Momo, escrita por Michael Ende en 1973, narra la historia de una niña misteriosa con el don de escuchar que aparece en un pueblo y vive sola en unas ruinas. Se va haciendo amiga de personas que la valoran y la ayudan en su lucha contra la invasión de los “hombres grises” que roban el tiempo de los demás, convenciéndolos de que lo ahorran, y así descuidan a sus familias, amigos e intereses. Así sus vidas se vuelven apuradas y grises. Cualquier parecido con lo que nos pasa con nuestra adicción a los celulares no es mera coincidencia.

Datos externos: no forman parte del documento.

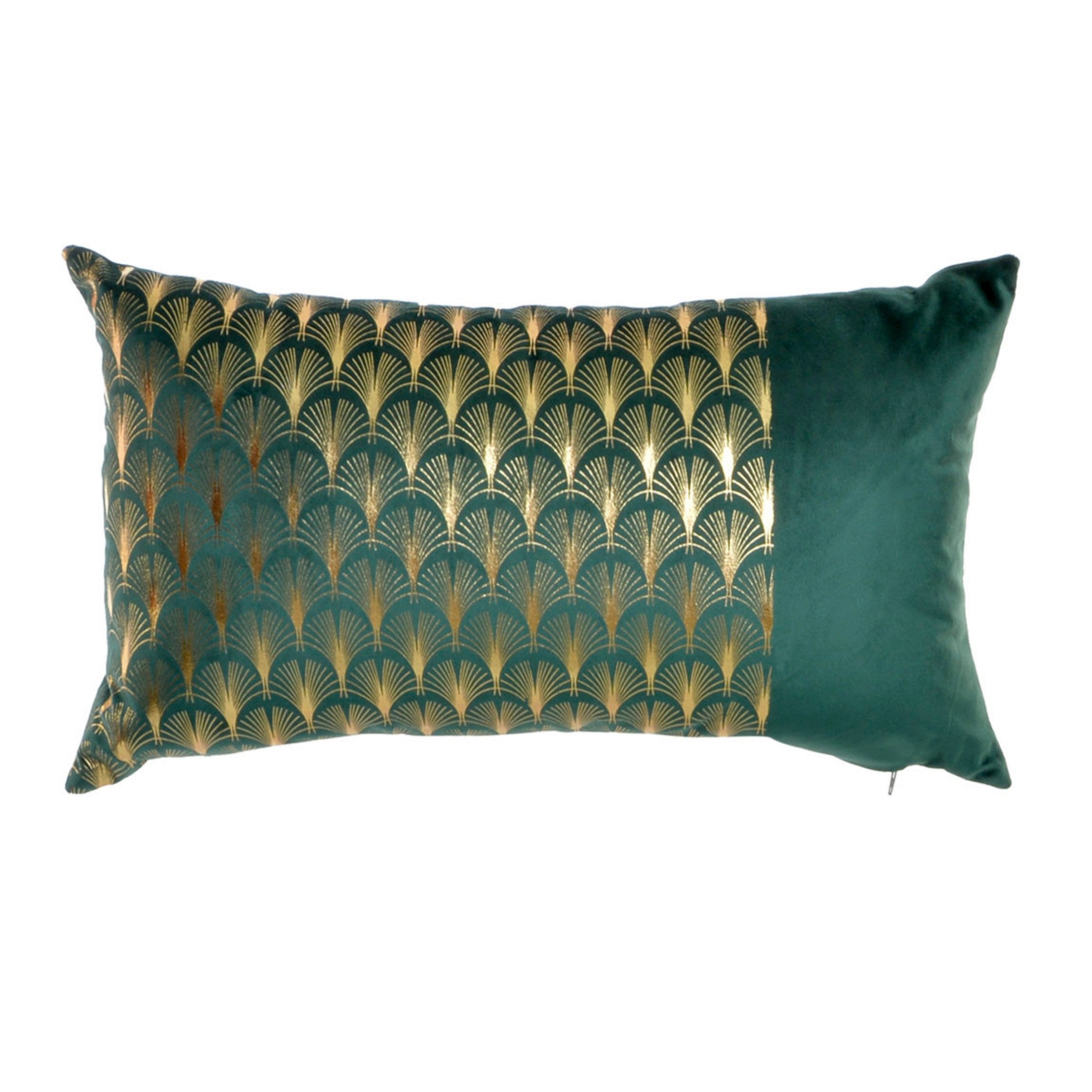 Sierkussen Velvet Pauw – Tijm Groen – Goud – 30 x 50 cm (incl.
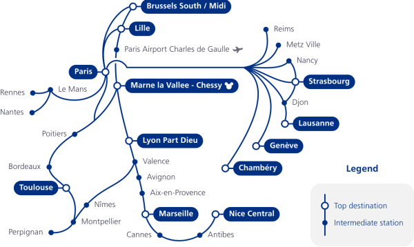 For cities in the southeast of France, like Marseille and Montpellier, you can travel to Brussels South/Midi with Eurostar or with Eurocity Direct. In Brussels you can catch a connecting TGV train so that you don’t have to pass through, but around, Paris. To travel with TGV to other destinations in France, like Bordeaux, Toulouse and Straatsburg, you’ll first need to travel to Paris Nord with Eurostar. Read more about changing trains in Paris Nord and Brussels-South/Midi

Y los más chiquitos se parecen a Momo, nos convocan, nos quieren sacar de las pantallas para vincularse con nosotros, para que los miremos, para conversar, para jugar, hasta que, con el tiempo ¡y nuestra ayuda!, caen bajo el embrujo de aquello que les roba el tiempo, la vitalidad, la iniciativa, la creatividad, las ganas de jugar y de interactuar.

Wish, la película que relata el poder transformador de los deseos

Algo similar ocurre en la película Wish en la que el rey Magnífico hace creer a su pueblo que él les va a guardar y cuidar sus deseos más profundos para dárselos más adelante, hasta que Asha y Estrella descubren su plan y logran devolver al pueblo el poder de desear.

Despertemos: los celulares son herramientas increíbles de trabajo, de seguridad, de entretenimiento, de interacción, hasta que, sin darnos cuenta, nos dejamos poseer por el “efecto dopamina”, tremendamente adictivo, que nos atrapa y empezamos a ponernos grises y a perder nuestros sueños y proyectos.